━━ DATASET EXCERPTS ━━

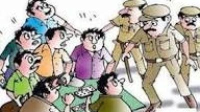 पुलिस की कार्रवाई में पकड़े गए जुआरी, घरों से निकालकर थाना पहुंचाया
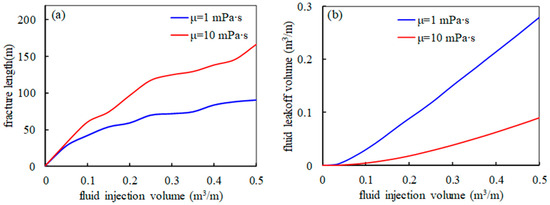 The variation in (a) stimulated fracture length and (b) fluid leakoff volume under different fluid viscosities.
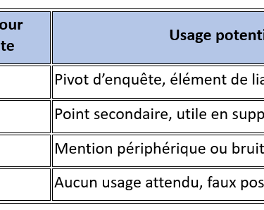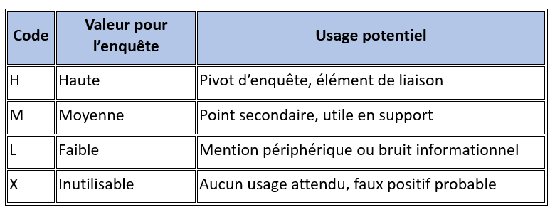 Au-delà de la qualité intrinsèque de la source et de l'information, l’analyste doit également évaluer l’utilité concrète de cette information dans le cadre de l’enquête en cours. Certaines données très fiables peuvent n’avoir qu’un intérêt secondaire, tandis qu’une information douteuse peut, bien exploitée, ouvrir une piste stratégique (cf exemples en Annexes). Cette cotation opérationnelle permet de hiérarchiser le traitement des informations et de gérer les priorités analytiques.
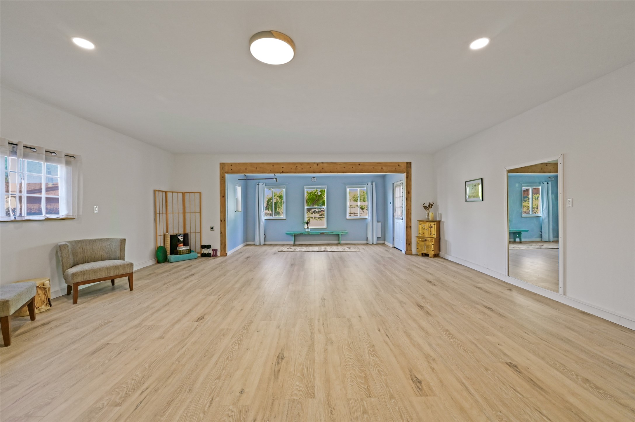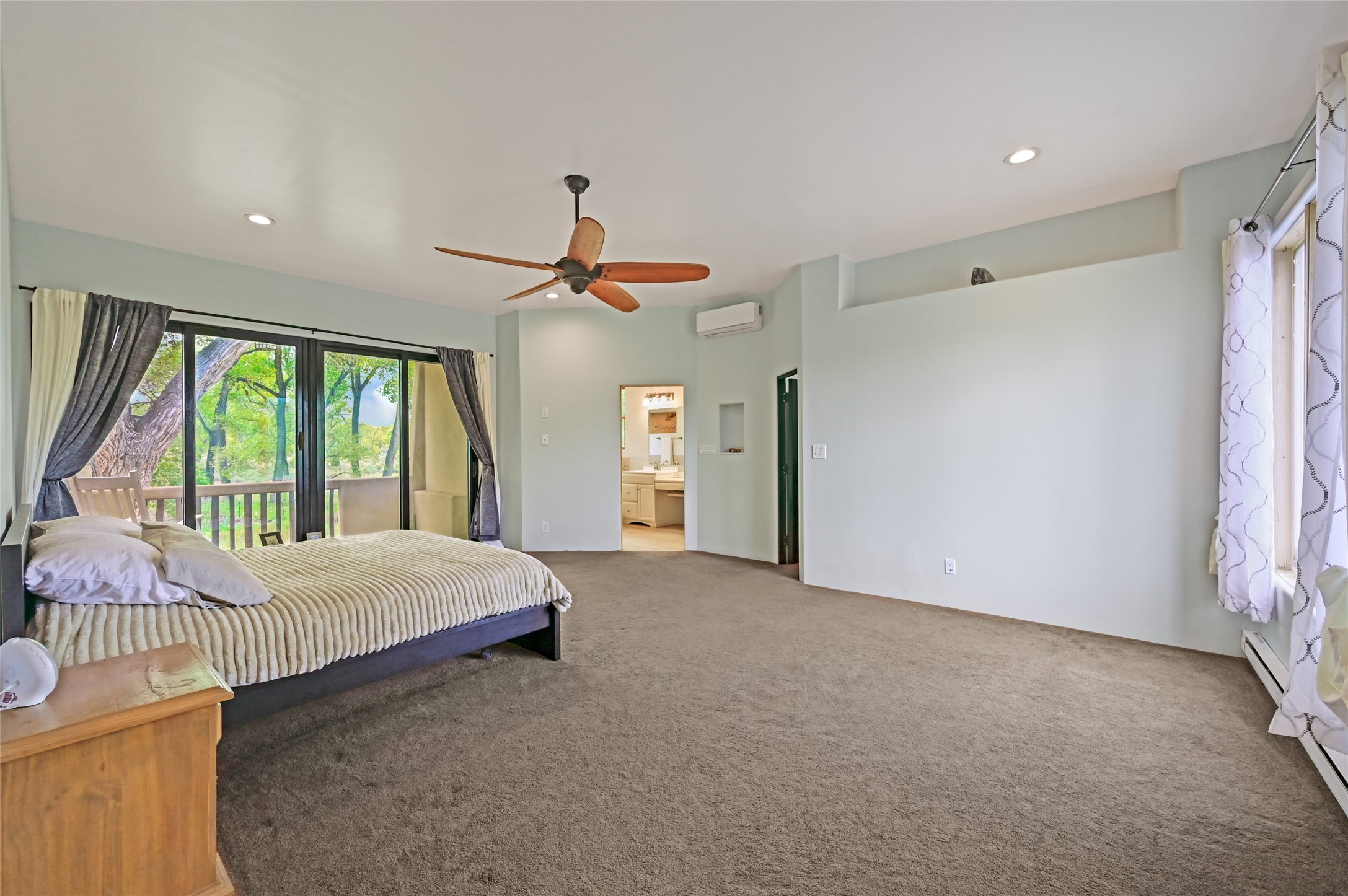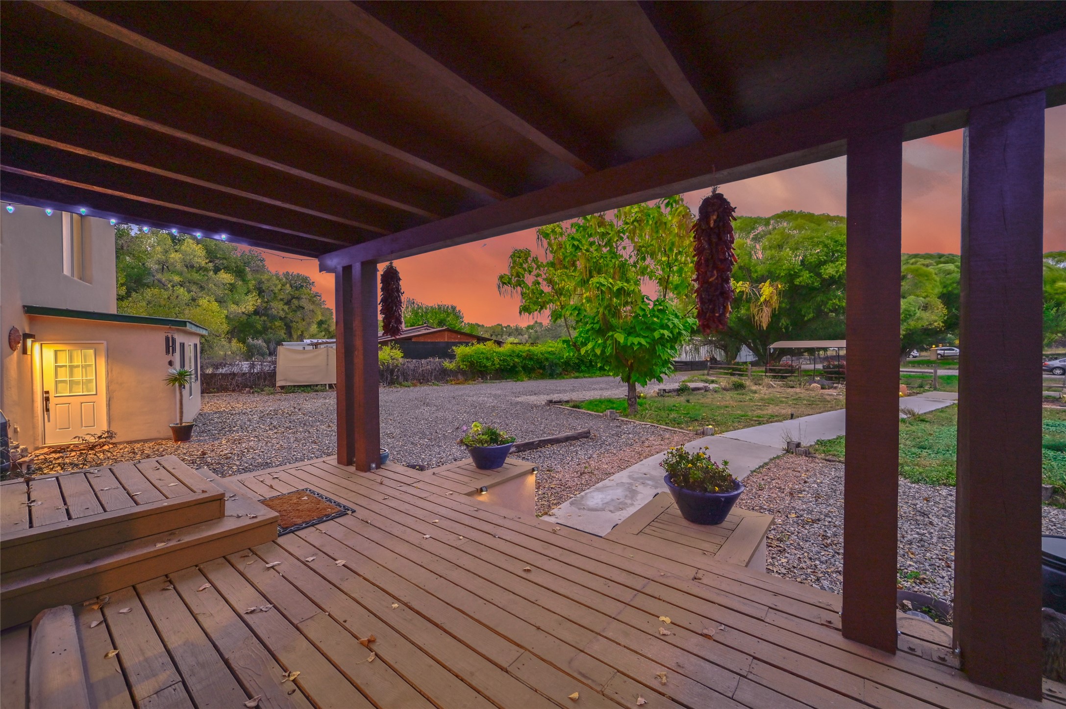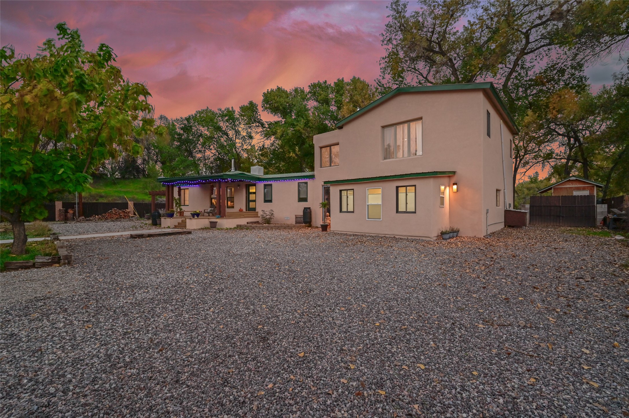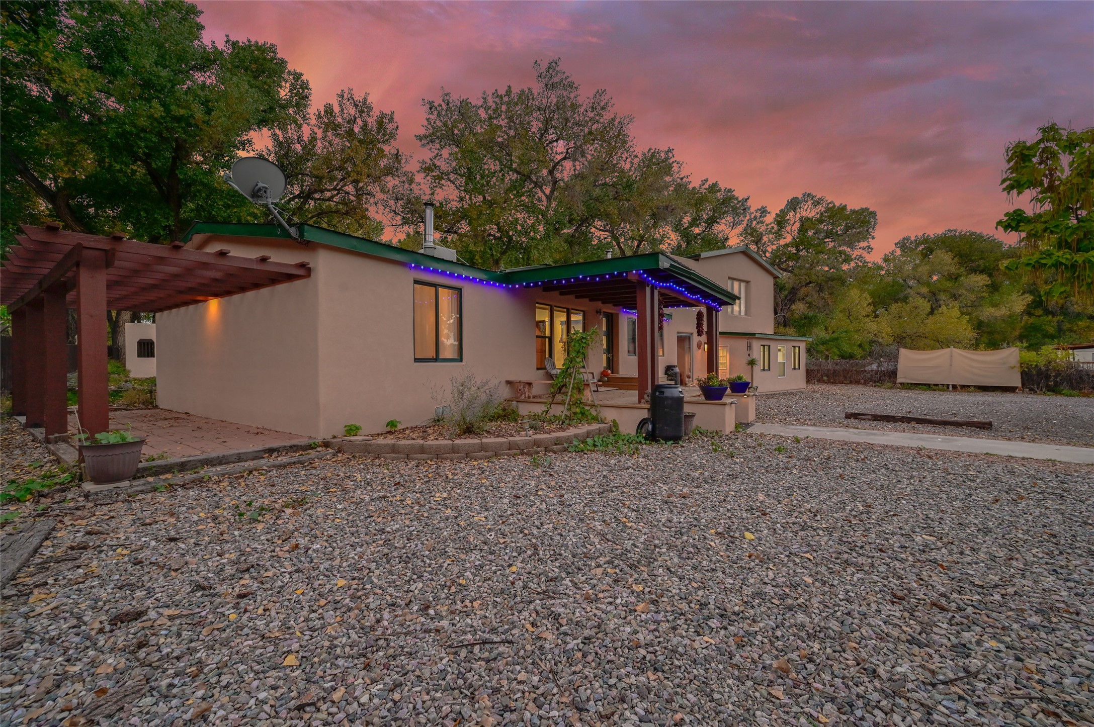 Welcome to this beautifully updated home nestled on just under an acre in serene La Mesilla. With 3,238 sq. ft. of inviting living space--including 3 bedrooms, 4 bathrooms, and 2 spacious living rooms--there's plenty of room for family and friends. The attached 800 sq. ft. studio offers a perfect private retreat for guests, work, or creativity.Originally a modular home on a permanent foundation, the lovely addition features a spacious upstairs master suite with a private balcony that overlooks the peaceful Bosque and stunning Black Mesa views.The thoughtfully converted garage studio, with warm hardwood floors and its own bathroom, adds even more comfort and flexibility.Enjoy the tranquility of a private well along with recent updates like all new stucco, a new septic system, roof, appliances, and water softener. This charming La Mesilla home is a perfect blend of comfort, style, and nature--ready to welcome you.
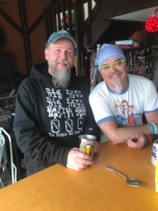 Correspondent photo / Bill Koch Greg Wormley, left, owner of PumpHouse Homebrew Shop in Struthers, shares a moment with Purple Cat founder Jimmy Sutman at the National Homebrew Day at Farmer Casey’s Ranch in Coitsville. The recent event was a fundraiser for the agency, which serves adults with disabilities.
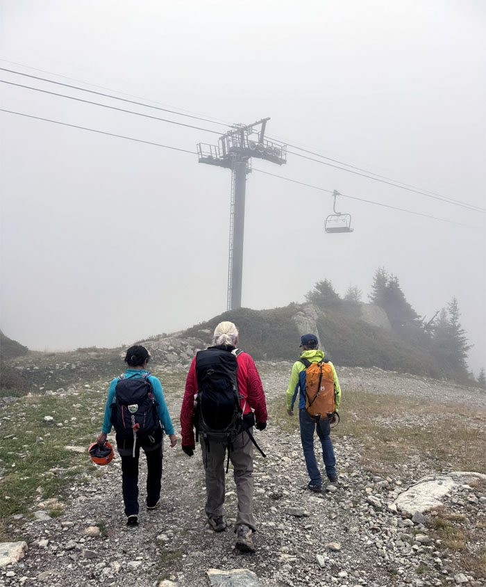 We are done, time to shed the helmets and harnesses. Just got to hike back to La Flegere and beat the rain.
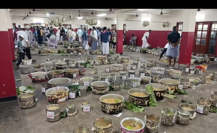திருவாரூா் கொடிக்கால்பாளையம் முஹ்யித்தீன் ஆண்டவா்கள் பள்ளிவாசலில் மதநல்லிணக்க பாச்சோற்று பெருவிழாவில் ஆயிரக்கணக்கானோர் பங்கேற்றனர் .
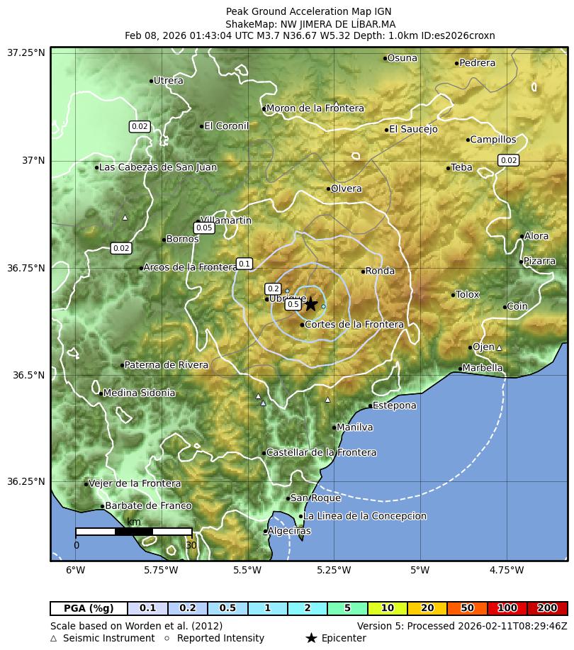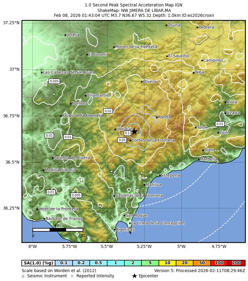 | es2026croxn | 08/02/2026 | 01:43:04 | 02:43:04 | 36.6659 | -5.3185 | 1.0 | 3.7 | Mw | NW JIMERA DE LÍBAR.MA |
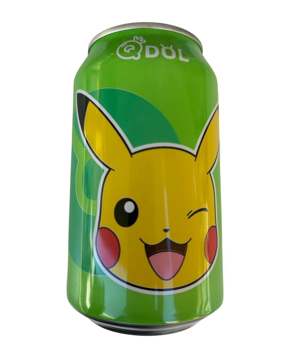Prodotto: Bevanda analcolica a tema Pokémon Pikachu, generalmente una bibita dolce frizzante in lattina o bottiglia con grafica del personaggio Pikachu.
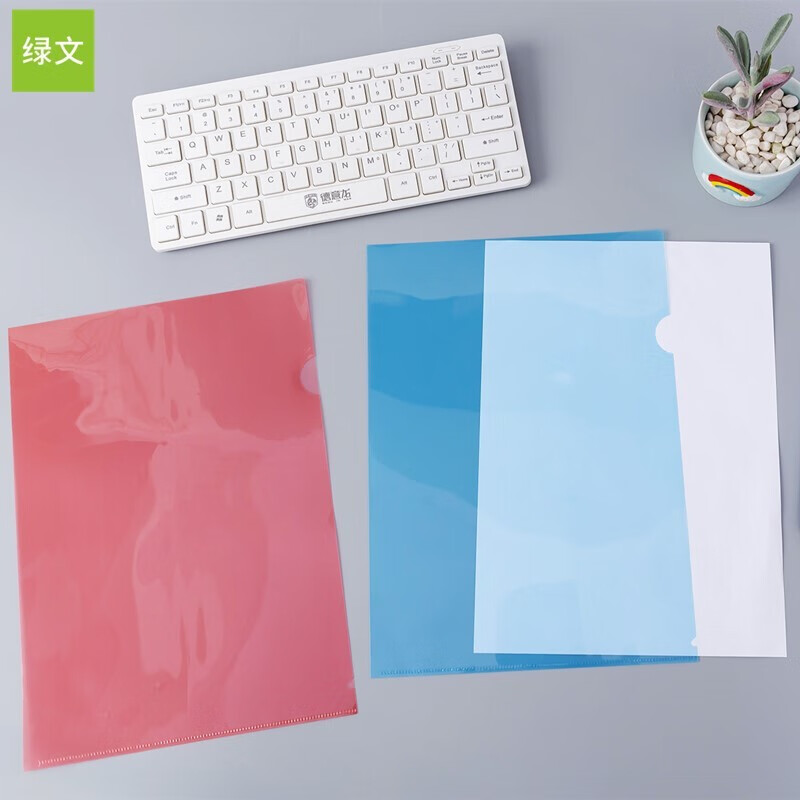 电脑、办公  > 文具  > 文件管理  >  绿文/LUWEN  >  绿文A4单片夹L型文件套绿色二单页文件袋办公档案资料插页夹子24个装绿 E310/包

━━━

ACTIVITY: Look above for the line containing "The variation in", then write out every line from there down to the line containing "We are done, time", that line included, with no pictures.

THE ANSWER:
 The variation in (a) stimulated fracture length and (b) fluid leakoff volume under different fluid viscosities.
 Au-delà de la qualité intrinsèque de la source et de l'information, l’analyste doit également évaluer l’utilité concrète de cette information dans le cadre de l’enquête en cours. Certaines données très fiables peuvent n’avoir qu’un intérêt secondaire, tandis qu’une information douteuse peut, bien exploitée, ouvrir une piste stratégique (cf exemples en Annexes). Cette cotation opérationnelle permet de hiérarchiser le traitement des informations et de gérer les priorités analytiques.
 Welcome to this beautifully updated home nestled on just under an acre in serene La Mesilla. With 3,238 sq. ft. of inviting living space--including 3 bedrooms, 4 bathrooms, and 2 spacious living rooms--there's plenty of room for family and friends. The attached 800 sq. ft. studio offers a perfect private retreat for guests, work, or creativity.Originally a modular home on a permanent foundation, the lovely addition features a spacious upstairs master suite with a private balcony that overlooks the peaceful Bosque and stunning Black Mesa views.The thoughtfully converted garage studio, with warm hardwood floors and its own bathroom, adds even more comfort and flexibility.Enjoy the tranquility of a private well along with recent updates like all new stucco, a new septic system, roof, appliances, and water softener. This charming La Mesilla home is a perfect blend of comfort, style, and nature--ready to welcome you.
 Correspondent photo / Bill Koch Greg Wormley, left, owner of PumpHouse Homebrew Shop in Struthers, shares a moment with Purple Cat founder Jimmy Sutman at the National Homebrew Day at Farmer Casey’s Ranch in Coitsville. The recent event was a fundraiser for the agency, which serves adults with disabilities.
 We are done, time to shed the helmets and harnesses. Just got to hike back to La Flegere and beat the rain.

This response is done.